**Aim of the task**
Transcribe the line containing "Bảng giá ưu" and every line after it, exactly, through the end of the records.

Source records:

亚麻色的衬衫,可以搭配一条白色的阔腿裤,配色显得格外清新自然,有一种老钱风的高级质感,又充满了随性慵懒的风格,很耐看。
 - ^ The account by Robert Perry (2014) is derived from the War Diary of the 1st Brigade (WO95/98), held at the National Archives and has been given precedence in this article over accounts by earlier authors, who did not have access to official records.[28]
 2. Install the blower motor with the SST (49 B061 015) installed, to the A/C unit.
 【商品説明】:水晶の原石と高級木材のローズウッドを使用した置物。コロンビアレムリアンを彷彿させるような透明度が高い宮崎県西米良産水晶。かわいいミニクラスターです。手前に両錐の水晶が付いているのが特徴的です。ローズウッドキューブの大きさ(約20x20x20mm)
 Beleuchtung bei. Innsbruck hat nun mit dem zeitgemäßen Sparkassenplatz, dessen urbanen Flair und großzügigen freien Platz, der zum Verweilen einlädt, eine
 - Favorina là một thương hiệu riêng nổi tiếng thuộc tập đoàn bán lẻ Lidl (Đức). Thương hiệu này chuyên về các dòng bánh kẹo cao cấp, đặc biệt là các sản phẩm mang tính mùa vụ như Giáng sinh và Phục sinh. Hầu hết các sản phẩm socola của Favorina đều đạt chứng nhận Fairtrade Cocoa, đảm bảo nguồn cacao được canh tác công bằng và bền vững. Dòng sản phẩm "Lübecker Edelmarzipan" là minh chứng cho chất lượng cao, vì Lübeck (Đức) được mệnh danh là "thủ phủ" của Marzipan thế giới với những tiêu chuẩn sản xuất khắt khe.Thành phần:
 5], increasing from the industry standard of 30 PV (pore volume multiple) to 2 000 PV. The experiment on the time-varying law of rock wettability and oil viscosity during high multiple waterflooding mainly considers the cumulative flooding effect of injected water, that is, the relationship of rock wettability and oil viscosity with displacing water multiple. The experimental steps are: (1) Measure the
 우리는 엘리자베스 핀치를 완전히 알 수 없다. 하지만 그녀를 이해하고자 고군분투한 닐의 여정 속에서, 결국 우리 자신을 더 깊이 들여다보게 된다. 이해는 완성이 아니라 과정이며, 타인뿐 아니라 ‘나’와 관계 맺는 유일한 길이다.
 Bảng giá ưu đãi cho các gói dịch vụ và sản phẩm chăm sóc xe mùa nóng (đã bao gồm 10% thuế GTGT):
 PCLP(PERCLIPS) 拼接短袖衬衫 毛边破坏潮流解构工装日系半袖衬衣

**Written response**
 Bảng giá ưu đãi cho các gói dịch vụ và sản phẩm chăm sóc xe mùa nóng (đã bao gồm 10% thuế GTGT):
 PCLP(PERCLIPS) 拼接短袖衬衫 毛边破坏潮流解构工装日系半袖衬衣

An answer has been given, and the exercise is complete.